- TASK -
Each entry that follows is to be duplicated exactly, without its images.

[Collection entries]
──────

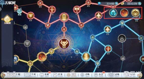 游戏中玩家解锁天赋系统需要通过主线关卡1-4的挑战,在通关之后玩家领取任务奖励时会获得一个天赋点的奖励。在天赋系统中,根据效果可以分为几个类别,分别是给玩家提升攻击,防御,血量等基础属性的被动增益型天赋,这些天赋能够给玩家时刻提供支持;其次是给玩家提供特殊的天赋技能的主动效果型技能。
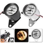 【並行輸入品】 汎用 バイク スピードメーター ブラック/クローム LEDライト オドメーター スピードメーター ゲージ マイル ハーレー ホンダカフェレーサーバ
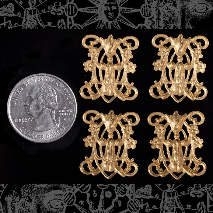 Raw Brass Decorative Filigree Four Ring Connectors - Set of Four - B-4C07
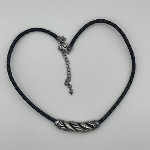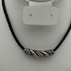 JOHN HARDY - Sterling Twisted Slider Pendant & Black Leather Necklace
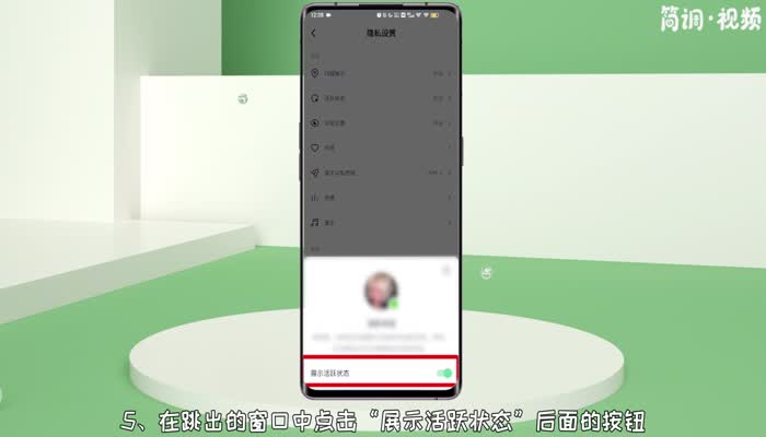 5.单击弹出窗口中“显示活动状态”后面的按钮将其关闭。

──────

- EXERCISE OUTPUT -
 游戏中玩家解锁天赋系统需要通过主线关卡1-4的挑战,在通关之后玩家领取任务奖励时会获得一个天赋点的奖励。在天赋系统中,根据效果可以分为几个类别,分别是给玩家提升攻击,防御,血量等基础属性的被动增益型天赋,这些天赋能够给玩家时刻提供支持;其次是给玩家提供特殊的天赋技能的主动效果型技能。
 【並行輸入品】 汎用 バイク スピードメーター ブラック/クローム LEDライト オドメーター スピードメーター ゲージ マイル ハーレー ホンダカフェレーサーバ
 Raw Brass Decorative Filigree Four Ring Connectors - Set of Four - B-4C07
 JOHN HARDY - Sterling Twisted Slider Pendant & Black Leather Necklace
 5.单击弹出窗口中“显示活动状态”后面的按钮将其关闭。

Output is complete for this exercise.